> [Exercise] Leave the pictures behind and reproduce every line of the listing exactly.

> [Information shown]
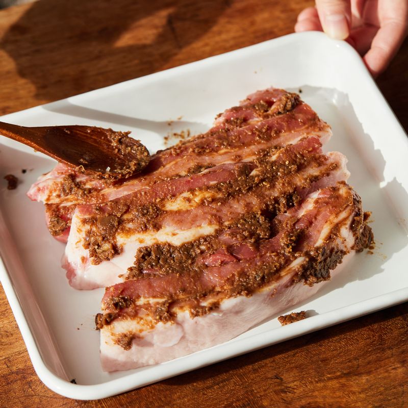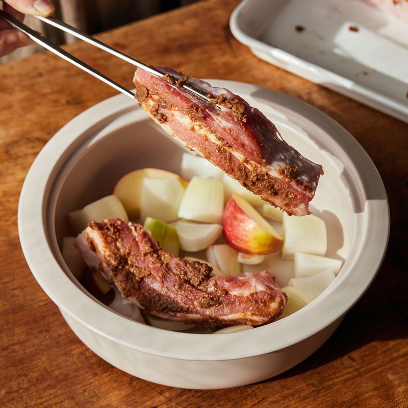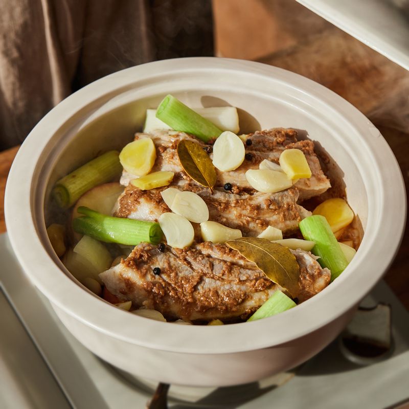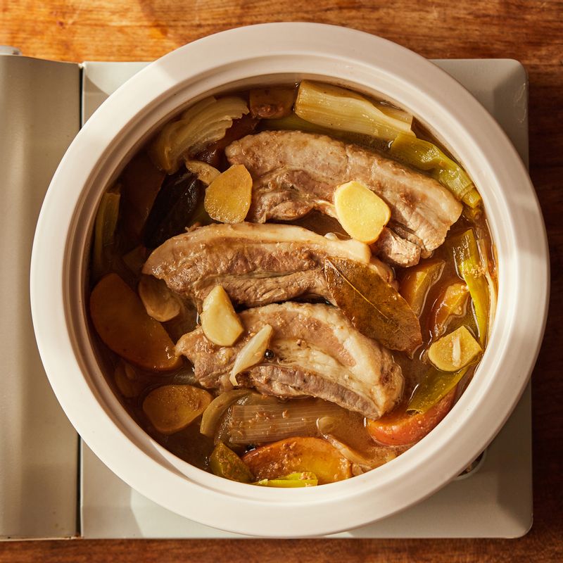- 🍯요리꿀팁 하나. 묵직한 주물 냄비 또는 바닥이 두툼한 냄비를 사용하세요. 그래야 물을 넣지 않고도 냄비 안의 열기와 재료의 수분으로 타지 않고 기름기는 쏙 뺀 무 수분 수육을 만들 수 있답니다. 🍯요리꿀팁 둘. 소스 재료에서 두반장이 없다면, 쌈장이나 된장에 고추장을 살짝 섞어 만들어 보세요. 이제껏 먹어본 적 없는 깔끔하고 고급진 수육 소스로 제격!
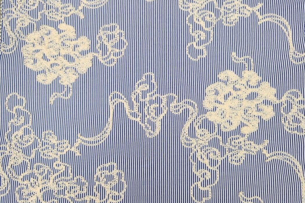 Katoen broderie stof, streep motief met geborduurde krullen, jeansblauw/wit/beige. P567
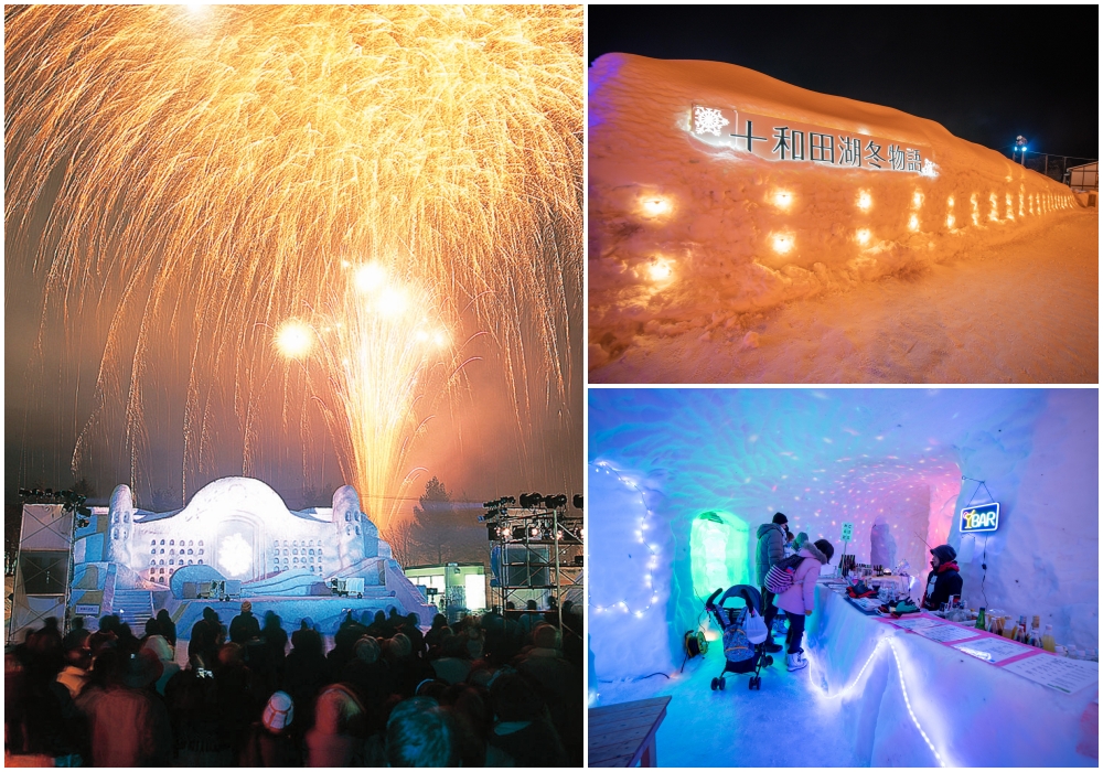 Along the shores of Lake Towada around the Yasumiya area, a special site is built to host this event, which lasts from early December to late February. Visitors can expect large snow sculptures, an igloo bar, banana boat rides, and even horse trekking. On the evenings of Saturdays, Sundays, and Public Holidays, enjoy a Tsugaru shamisen (三味線 traditional Japanese string instrument) performance, as well as a colourful fireworks display.

> [Solution for this exercise]
- 🍯요리꿀팁 하나. 묵직한 주물 냄비 또는 바닥이 두툼한 냄비를 사용하세요. 그래야 물을 넣지 않고도 냄비 안의 열기와 재료의 수분으로 타지 않고 기름기는 쏙 뺀 무 수분 수육을 만들 수 있답니다. 🍯요리꿀팁 둘. 소스 재료에서 두반장이 없다면, 쌈장이나 된장에 고추장을 살짝 섞어 만들어 보세요. 이제껏 먹어본 적 없는 깔끔하고 고급진 수육 소스로 제격!
 Katoen broderie stof, streep motief met geborduurde krullen, jeansblauw/wit/beige. P567
 Along the shores of Lake Towada around the Yasumiya area, a special site is built to host this event, which lasts from early December to late February. Visitors can expect large snow sculptures, an igloo bar, banana boat rides, and even horse trekking. On the evenings of Saturdays, Sundays, and Public Holidays, enjoy a Tsugaru shamisen (三味線 traditional Japanese string instrument) performance, as well as a colourful fireworks display.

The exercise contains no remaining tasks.